【10月19日 AFP】大統領候補を辱める加工動画、電子投票システムに対するランサムウエア攻撃、電子投票記録が紙でバックアップされていない――これらは2020年の米大統領選におけるサイバー上の脅威となっており、選挙結果が不正なものになるのではないかと懸念する声が上がっている。

 懸念が高まるようになったのは、2016年の大統領選でロシアがフェイスブック(Facebook)などのSNSで偽情報を大々的に展開していたことが発覚してからだ。

 米スタンフォード大学(Stanford University)のサイバー政策センター(Cyber Policy Center)は報告書で、サイバー攻撃を通じた選挙干渉や偽情報の拡散は「世界各地の民主主義に対する非常に大きな、そして今なお続く脅威の一部を成している」と指摘している。

■最新の脅威はディープフェイク

 そうした中でも最新の脅威は、「ディープフェイク」の動画や音声かもしれない。これは、候補者があたかも実際に話したかのように人工知能(AI)で加工したものだ。

「女性やマイノリティー(少数派)を支援する候補者の信用を落とすため、実際より印象を悪くし、中傷する動画」を作ることさえ可能だと、ブルッキングス研究所(Brookings Institution)技術革新センター(Center for Technology Innovation)のダレル・ウエスト(Darrell West)氏はオンライン報告書で説明している。

 ボストン大学(Boston University)のオンラインセキュリティーの専門家ダニエル・シトロン(Danielle Citron)氏は7月の「TEDサミット(TedSummit)」で、ディープフェイクは「政治家や実業界のリーダー、その他の影響力のある指導者に対して人々が抱いている不信感を悪用し、それを強めることができる」と指摘した。

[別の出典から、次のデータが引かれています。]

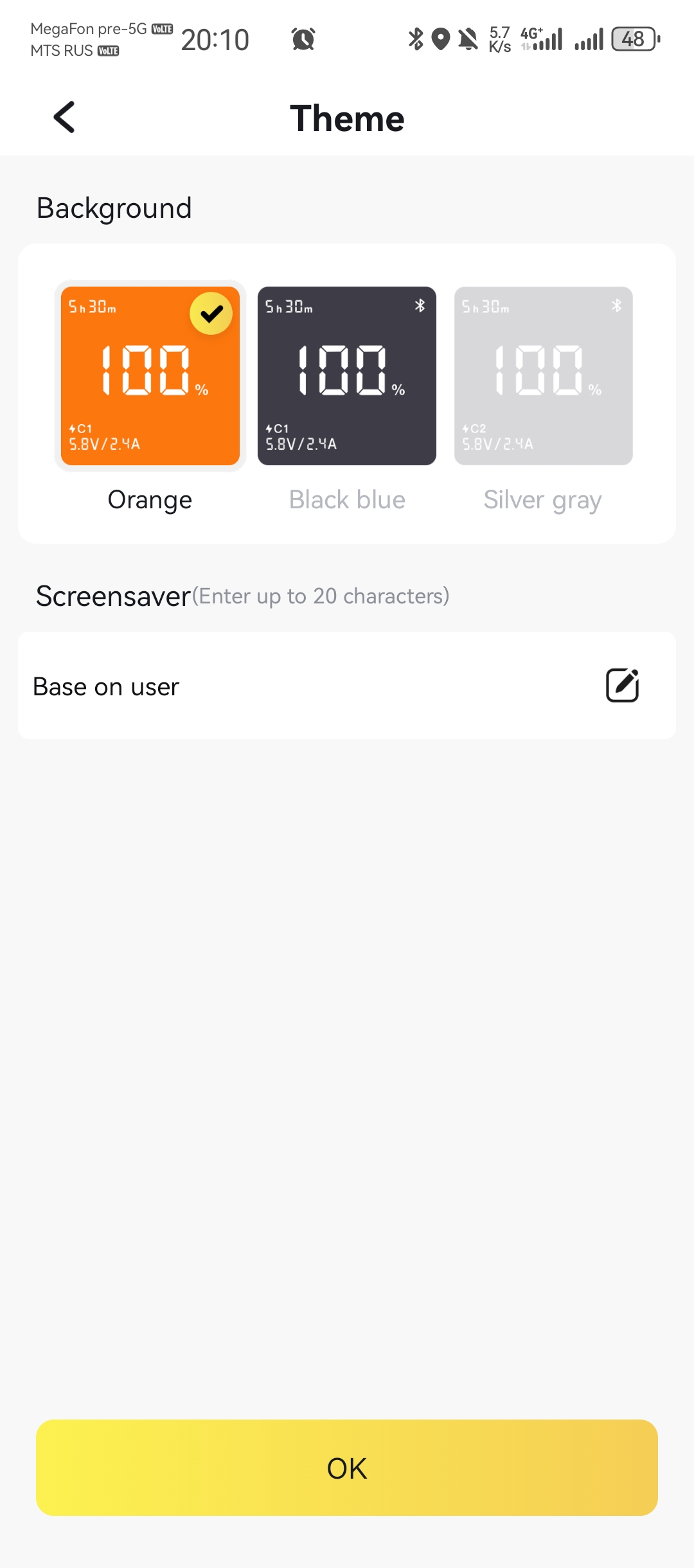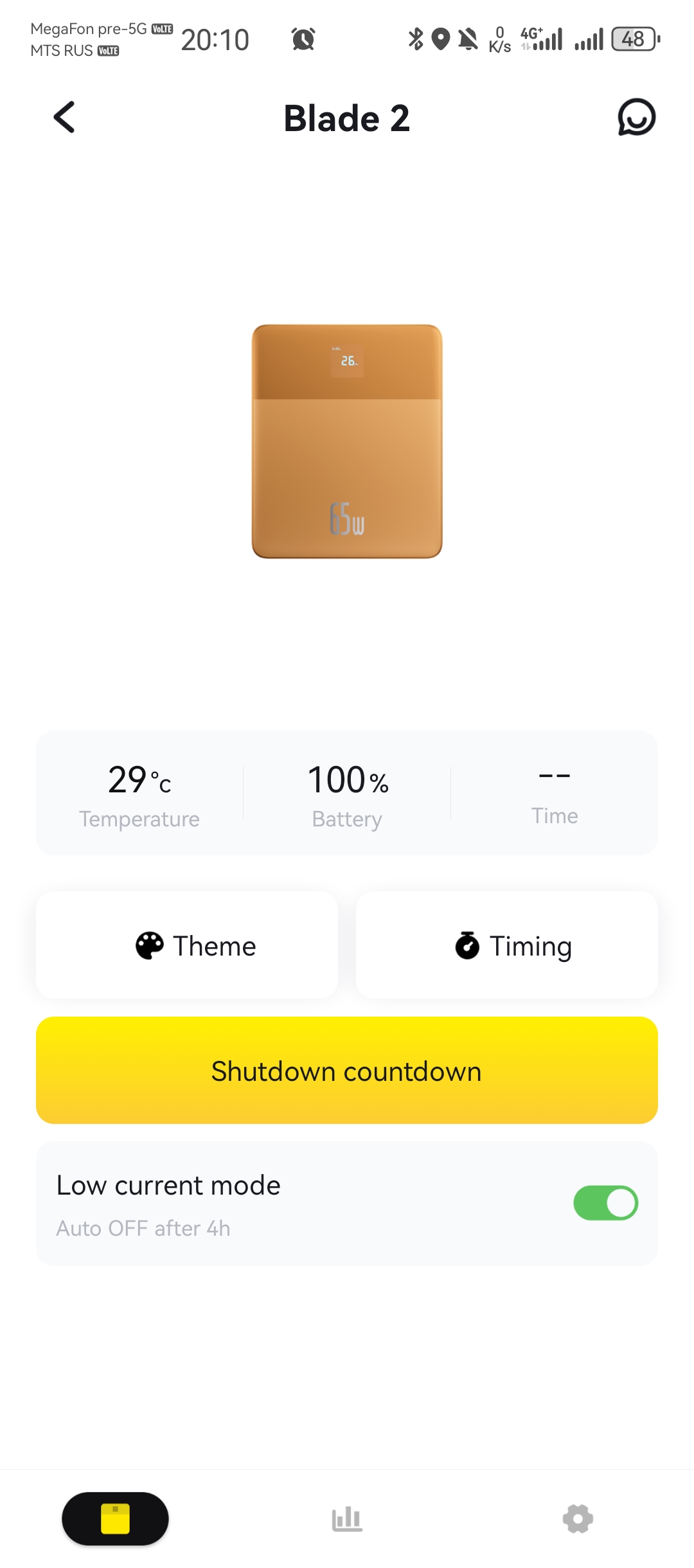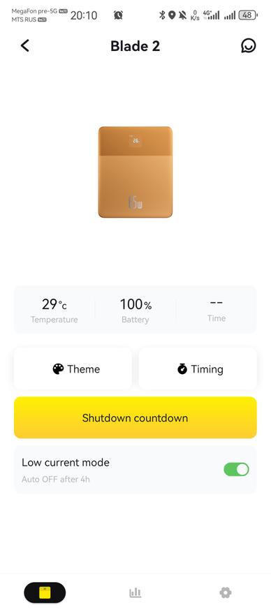 Управлять аккумулятором можнл через приложение, что выглядит необычным для меня. Интересно, что Baseus в этом плане отличается от других брендов, интегрирует пользователя в свою экосистему. Товар определился в приложении, правда другого цвета. Можно менять как подсветку экрана, так и надпись при включении, сменив слоган бренда «Base on user» на свой. Можно поставить таймер на отключение. Это важная опция, например при зарядке: чтобы он не перезарядился, можно выключить заряд по истечении определенного времени. Также можно видеть, на каких напряжениях и силе тока проходит разряд. На четвертом скриншоте показана такая информация. По ней видно, что режим 45Вт + 20Вт работает. Аккумулятор способен разряжаться на двух быстрых протоколах через каждый из двух портов.

 また、米首都ワシントンを拠点とするセンター・フォー・デモクラシー&テクノロジー(Center for Democracy & Technology)の選挙のセキュリティーに関する専門家モーリス・ターナー(Maurice Turner)氏は、ディープフェイクは偽りであることが証明されたとしても、「その情報を信じたがっている人の考えを強固なものとし、ニュースそのものを妨害できる」と語った。